## WHAT YOU WILL DO
An exact retyping of all lines below is the answer; pictures do not belong in it.

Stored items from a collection
▬▬▬▬▬▬▬▬▬▬

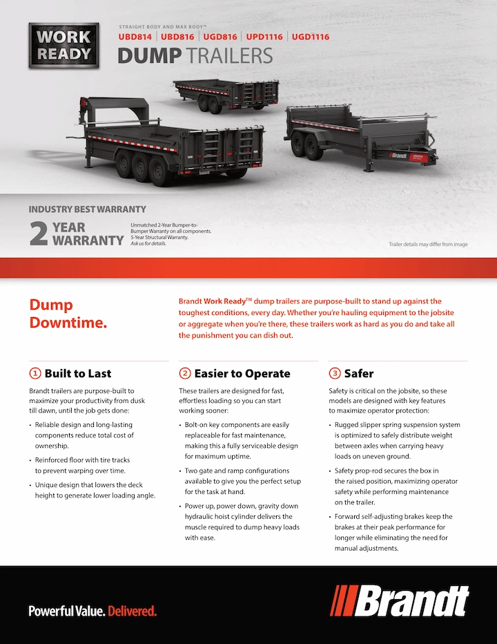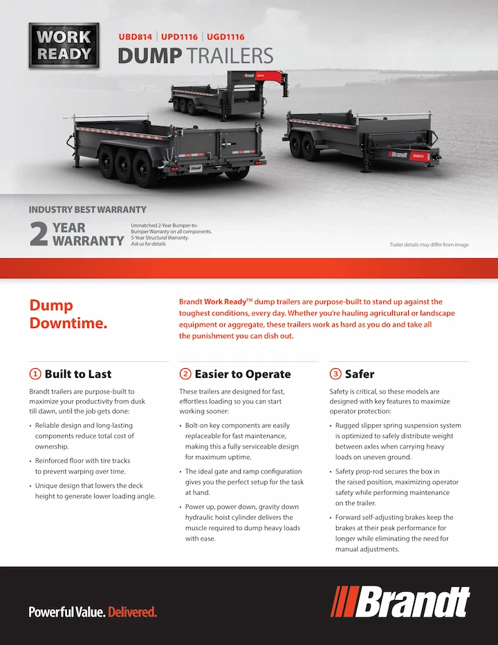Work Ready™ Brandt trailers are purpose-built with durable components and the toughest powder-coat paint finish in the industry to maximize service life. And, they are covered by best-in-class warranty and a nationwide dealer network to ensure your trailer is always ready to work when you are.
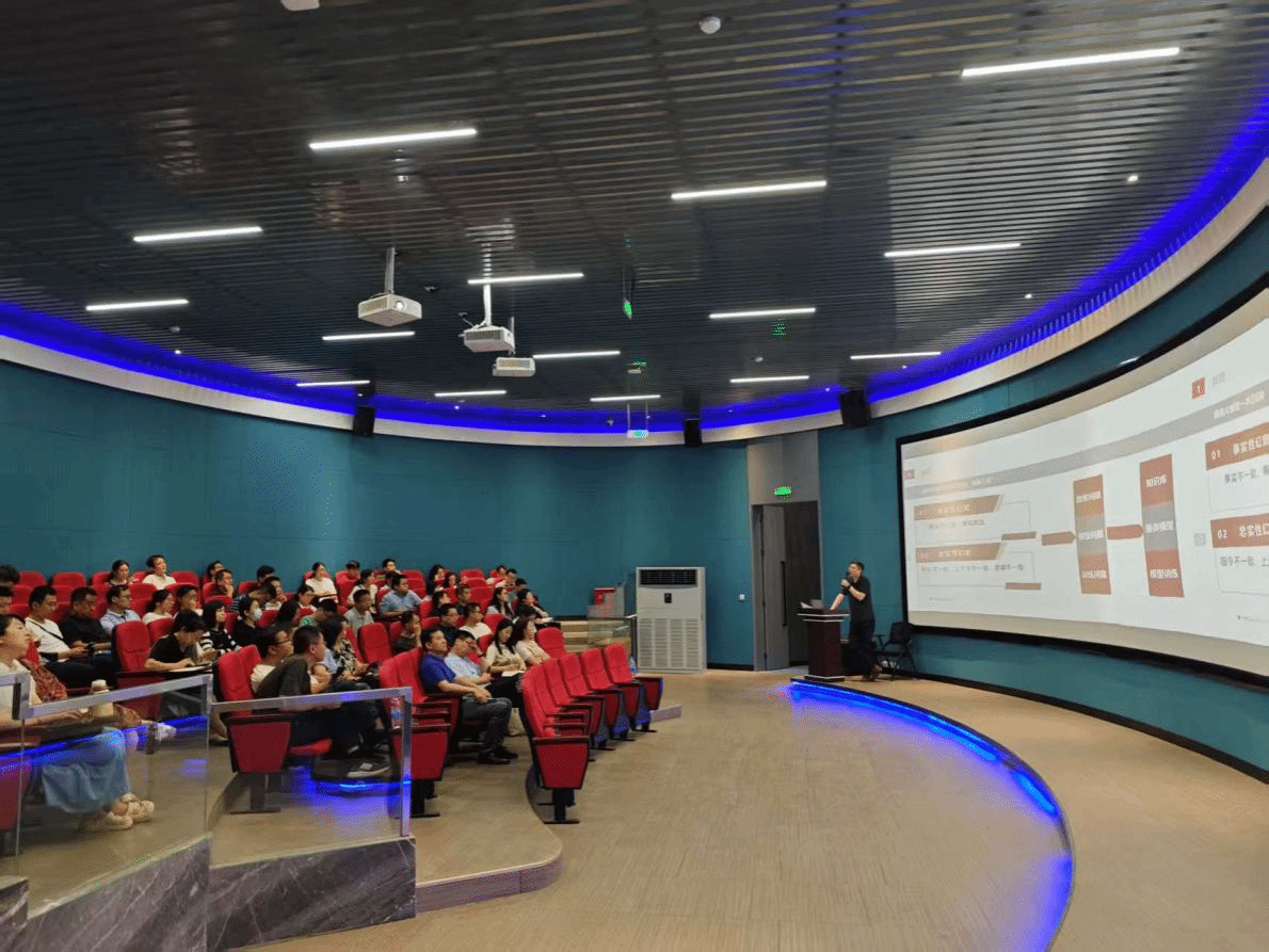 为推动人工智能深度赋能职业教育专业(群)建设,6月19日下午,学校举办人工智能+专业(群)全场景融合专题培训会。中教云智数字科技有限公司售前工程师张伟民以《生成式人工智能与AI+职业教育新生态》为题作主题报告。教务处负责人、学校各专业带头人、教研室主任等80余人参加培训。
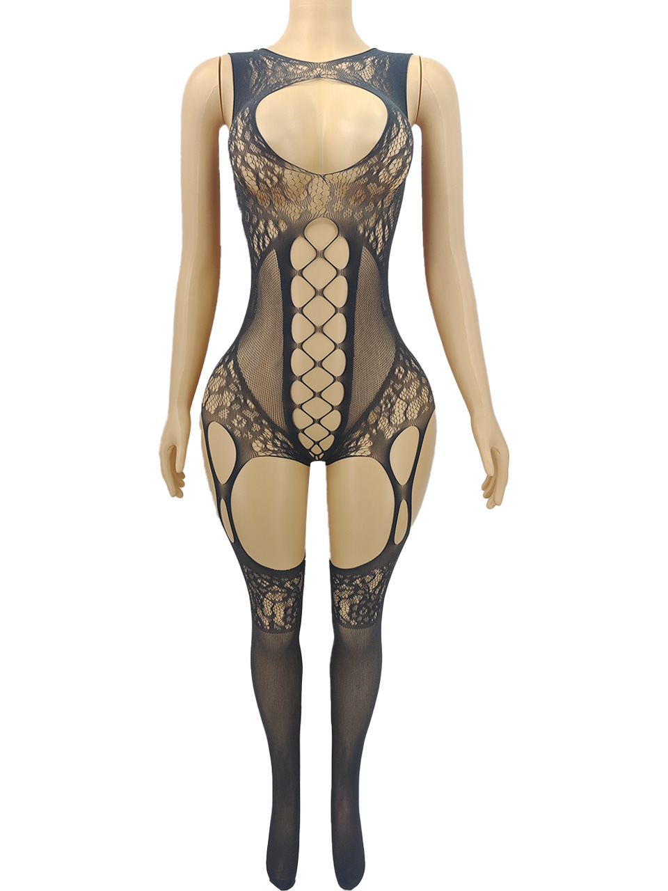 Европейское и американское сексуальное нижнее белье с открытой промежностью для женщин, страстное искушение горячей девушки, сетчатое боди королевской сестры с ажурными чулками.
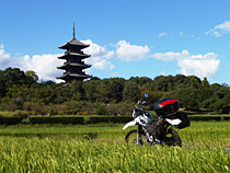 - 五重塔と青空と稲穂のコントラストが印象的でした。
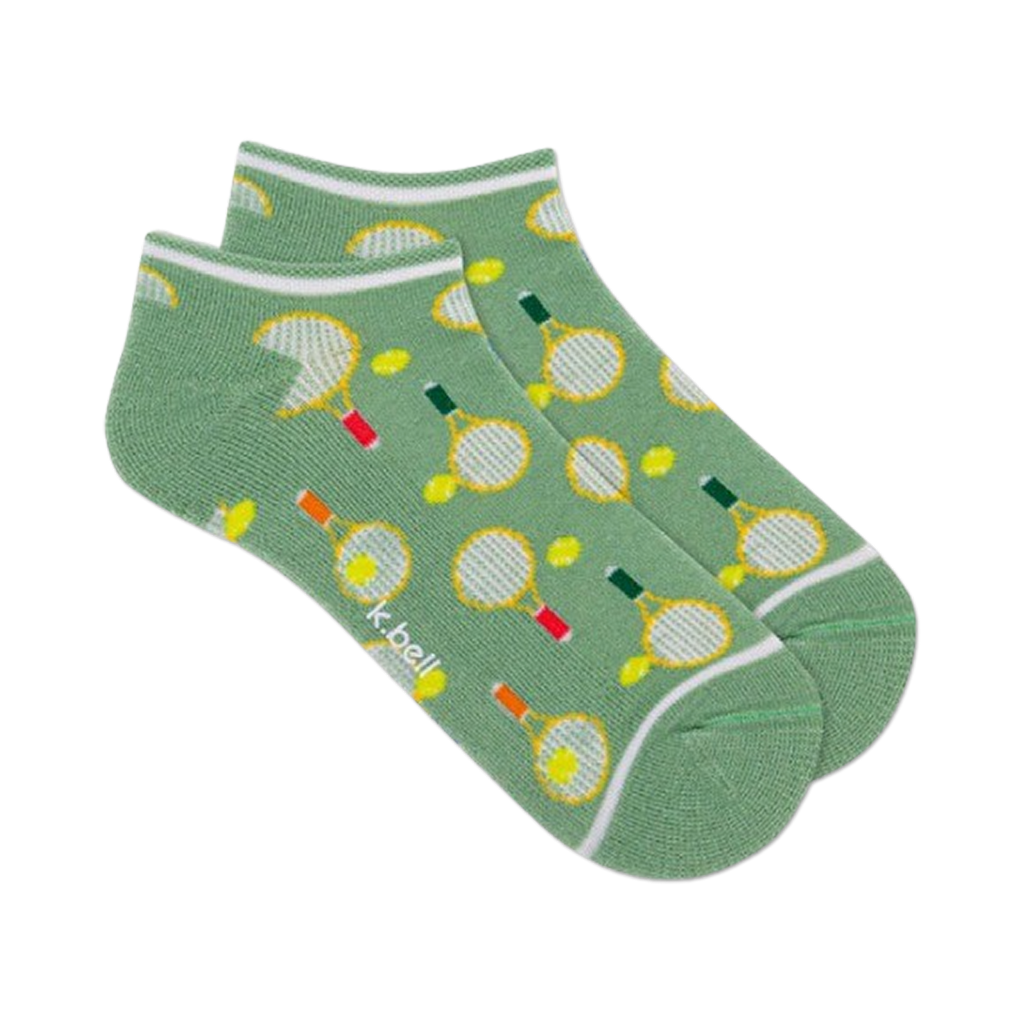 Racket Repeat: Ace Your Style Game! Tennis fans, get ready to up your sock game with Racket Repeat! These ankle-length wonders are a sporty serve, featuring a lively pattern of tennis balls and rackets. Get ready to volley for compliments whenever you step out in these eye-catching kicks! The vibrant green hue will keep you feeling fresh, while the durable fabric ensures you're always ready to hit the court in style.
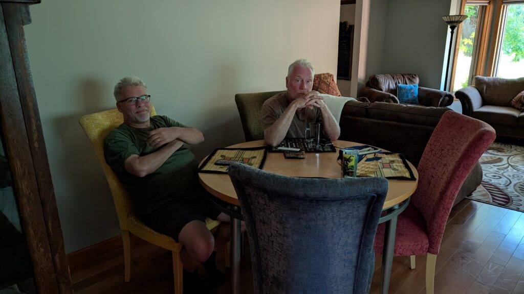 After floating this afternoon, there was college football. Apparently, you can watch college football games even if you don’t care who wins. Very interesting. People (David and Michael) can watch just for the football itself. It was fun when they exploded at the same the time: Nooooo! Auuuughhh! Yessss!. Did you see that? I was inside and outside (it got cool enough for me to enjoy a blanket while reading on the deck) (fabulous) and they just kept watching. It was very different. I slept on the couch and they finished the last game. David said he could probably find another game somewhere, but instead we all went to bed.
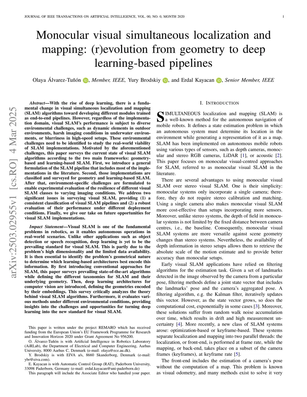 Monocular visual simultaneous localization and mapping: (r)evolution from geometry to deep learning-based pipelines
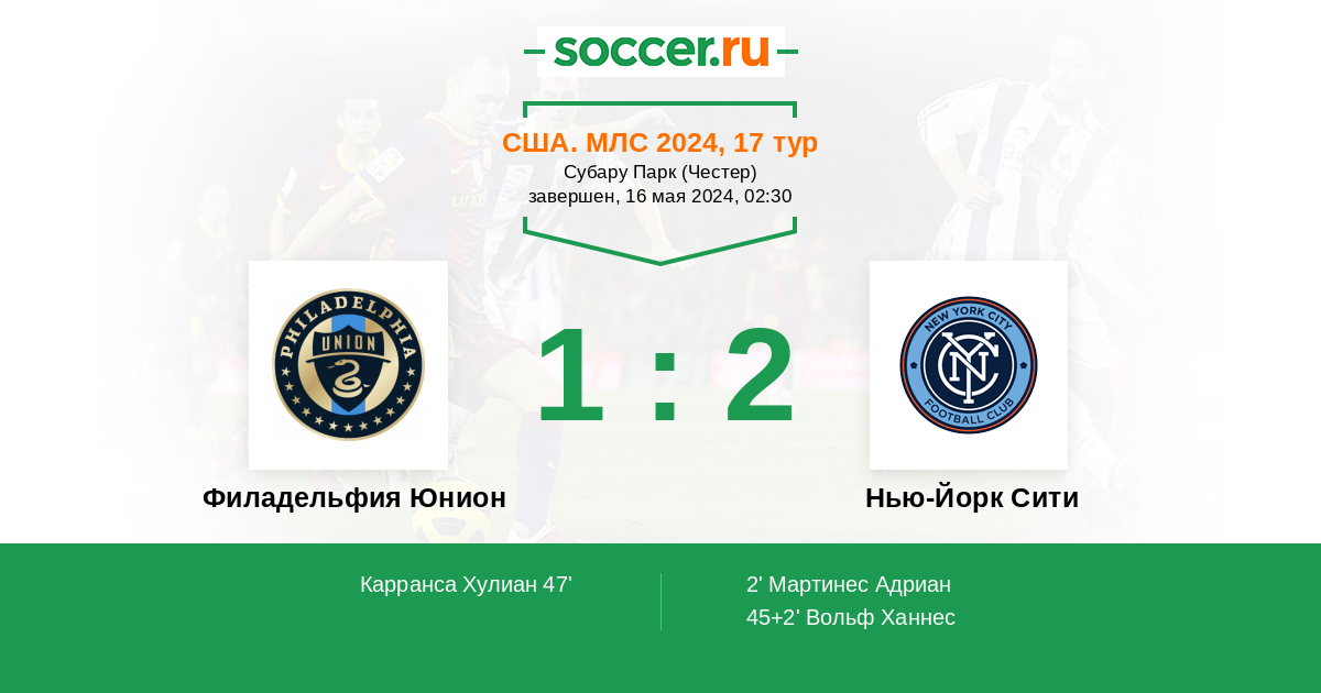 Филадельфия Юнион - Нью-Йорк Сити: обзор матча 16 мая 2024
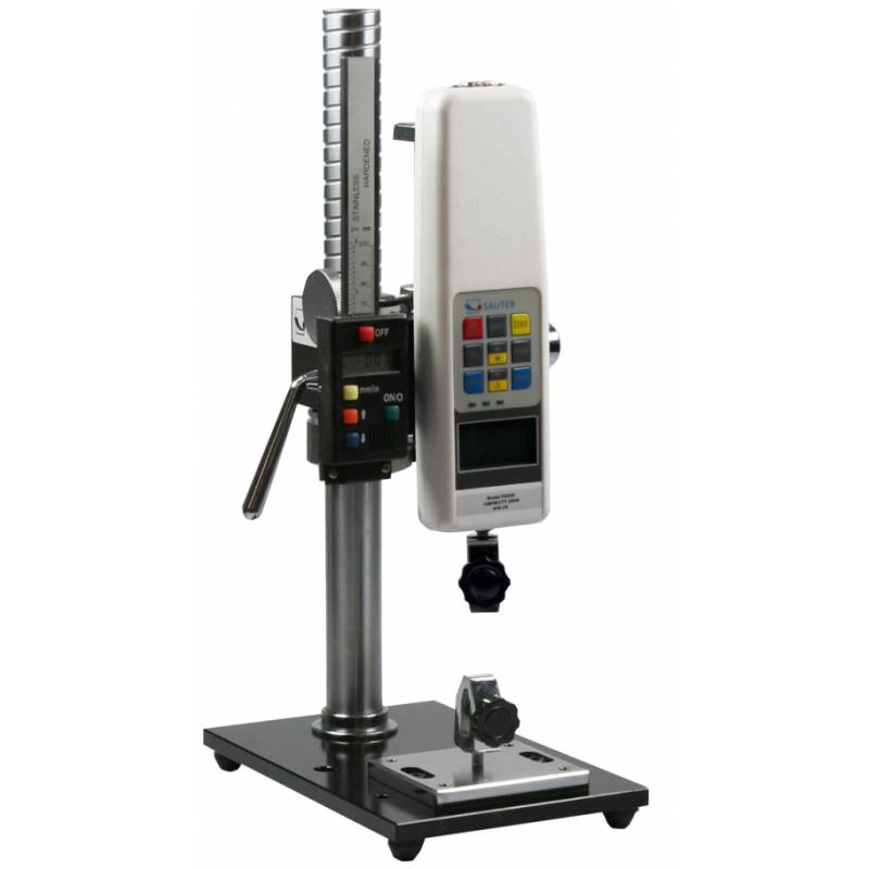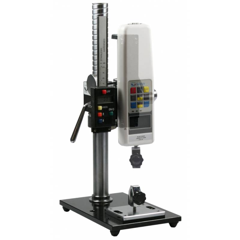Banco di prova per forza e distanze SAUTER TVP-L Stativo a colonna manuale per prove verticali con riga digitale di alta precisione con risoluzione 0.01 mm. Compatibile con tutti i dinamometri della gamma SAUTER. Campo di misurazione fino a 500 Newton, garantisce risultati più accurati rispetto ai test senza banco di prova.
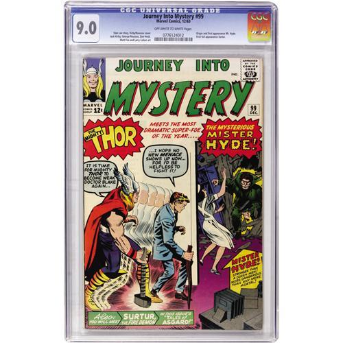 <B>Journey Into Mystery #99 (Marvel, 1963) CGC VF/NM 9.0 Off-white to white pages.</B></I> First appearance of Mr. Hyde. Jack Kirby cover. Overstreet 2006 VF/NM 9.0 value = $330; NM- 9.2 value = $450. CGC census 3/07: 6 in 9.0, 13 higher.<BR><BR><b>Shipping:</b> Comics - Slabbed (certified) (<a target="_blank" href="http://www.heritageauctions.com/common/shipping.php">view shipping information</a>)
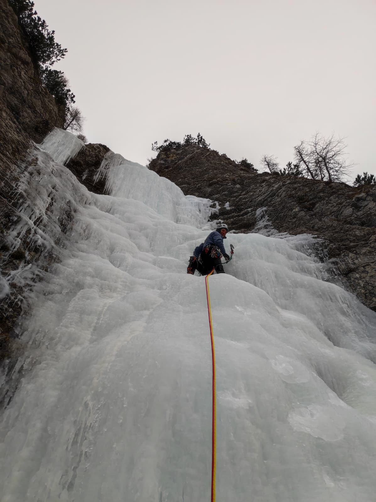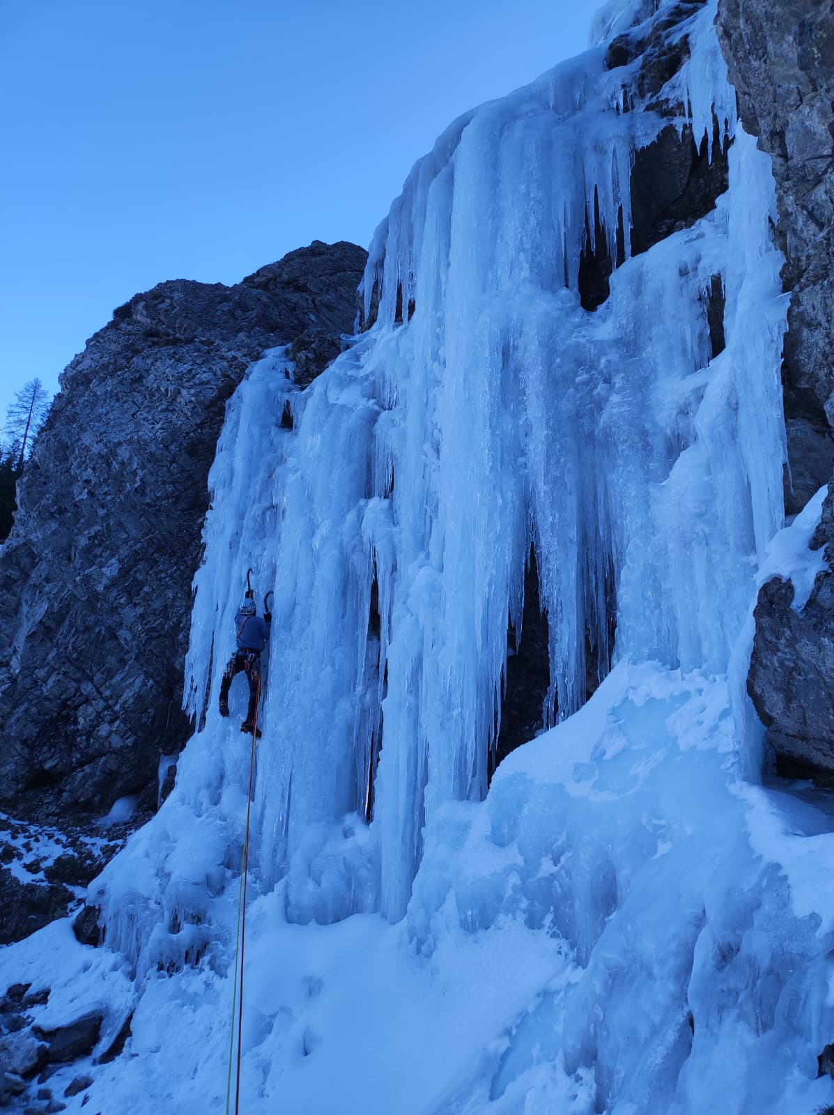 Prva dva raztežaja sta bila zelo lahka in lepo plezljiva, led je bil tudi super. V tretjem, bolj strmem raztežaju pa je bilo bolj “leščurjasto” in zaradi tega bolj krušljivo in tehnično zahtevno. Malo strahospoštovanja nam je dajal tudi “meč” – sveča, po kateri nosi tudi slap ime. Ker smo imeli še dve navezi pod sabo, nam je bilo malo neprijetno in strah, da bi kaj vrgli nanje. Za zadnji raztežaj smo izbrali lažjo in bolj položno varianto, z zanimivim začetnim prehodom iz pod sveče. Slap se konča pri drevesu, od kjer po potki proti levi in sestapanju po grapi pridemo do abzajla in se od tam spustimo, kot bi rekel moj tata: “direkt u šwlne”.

▬▬▬▬▬▬▬▬▬▬

## YOUR SOLUTION
Work Ready™ Brandt trailers are purpose-built with durable components and the toughest powder-coat paint finish in the industry to maximize service life. And, they are covered by best-in-class warranty and a nationwide dealer network to ensure your trailer is always ready to work when you are.
 为推动人工智能深度赋能职业教育专业(群)建设,6月19日下午,学校举办人工智能+专业(群)全场景融合专题培训会。中教云智数字科技有限公司售前工程师张伟民以《生成式人工智能与AI+职业教育新生态》为题作主题报告。教务处负责人、学校各专业带头人、教研室主任等80余人参加培训。
 Европейское и американское сексуальное нижнее белье с открытой промежностью для женщин, страстное искушение горячей девушки, сетчатое боди королевской сестры с ажурными чулками.
 - 五重塔と青空と稲穂のコントラストが印象的でした。
 Racket Repeat: Ace Your Style Game! Tennis fans, get ready to up your sock game with Racket Repeat! These ankle-length wonders are a sporty serve, featuring a lively pattern of tennis balls and rackets. Get ready to volley for compliments whenever you step out in these eye-catching kicks! The vibrant green hue will keep you feeling fresh, while the durable fabric ensures you're always ready to hit the court in style.
 After floating this afternoon, there was college football. Apparently, you can watch college football games even if you don’t care who wins. Very interesting. People (David and Michael) can watch just for the football itself. It was fun when they exploded at the same the time: Nooooo! Auuuughhh! Yessss!. Did you see that? I was inside and outside (it got cool enough for me to enjoy a blanket while reading on the deck) (fabulous) and they just kept watching. It was very different. I slept on the couch and they finished the last game. David said he could probably find another game somewhere, but instead we all went to bed.
 Monocular visual simultaneous localization and mapping: (r)evolution from geometry to deep learning-based pipelines
 Филадельфия Юнион - Нью-Йорк Сити: обзор матча 16 мая 2024
Banco di prova per forza e distanze SAUTER TVP-L Stativo a colonna manuale per prove verticali con riga digitale di alta precisione con risoluzione 0.01 mm. Compatibile con tutti i dinamometri della gamma SAUTER. Campo di misurazione fino a 500 Newton, garantisce risultati più accurati rispetto ai test senza banco di prova.
 <B>Journey Into Mystery #99 (Marvel, 1963) CGC VF/NM 9.0 Off-white to white pages.</B></I> First appearance of Mr. Hyde. Jack Kirby cover. Overstreet 2006 VF/NM 9.0 value = $330; NM- 9.2 value = $450. CGC census 3/07: 6 in 9.0, 13 higher.<BR><BR><b>Shipping:</b> Comics - Slabbed (certified) (<a target="_blank" href="http://www.heritageauctions.com/common/shipping.php">view shipping information</a>)
 Prva dva raztežaja sta bila zelo lahka in lepo plezljiva, led je bil tudi super. V tretjem, bolj strmem raztežaju pa je bilo bolj “leščurjasto” in zaradi tega bolj krušljivo in tehnično zahtevno. Malo strahospoštovanja nam je dajal tudi “meč” – sveča, po kateri nosi tudi slap ime. Ker smo imeli še dve navezi pod sabo, nam je bilo malo neprijetno in strah, da bi kaj vrgli nanje. Za zadnji raztežaj smo izbrali lažjo in bolj položno varianto, z zanimivim začetnim prehodom iz pod sveče. Slap se konča pri drevesu, od kjer po potki proti levi in sestapanju po grapi pridemo do abzajla in se od tam spustimo, kot bi rekel moj tata: “direkt u šwlne”.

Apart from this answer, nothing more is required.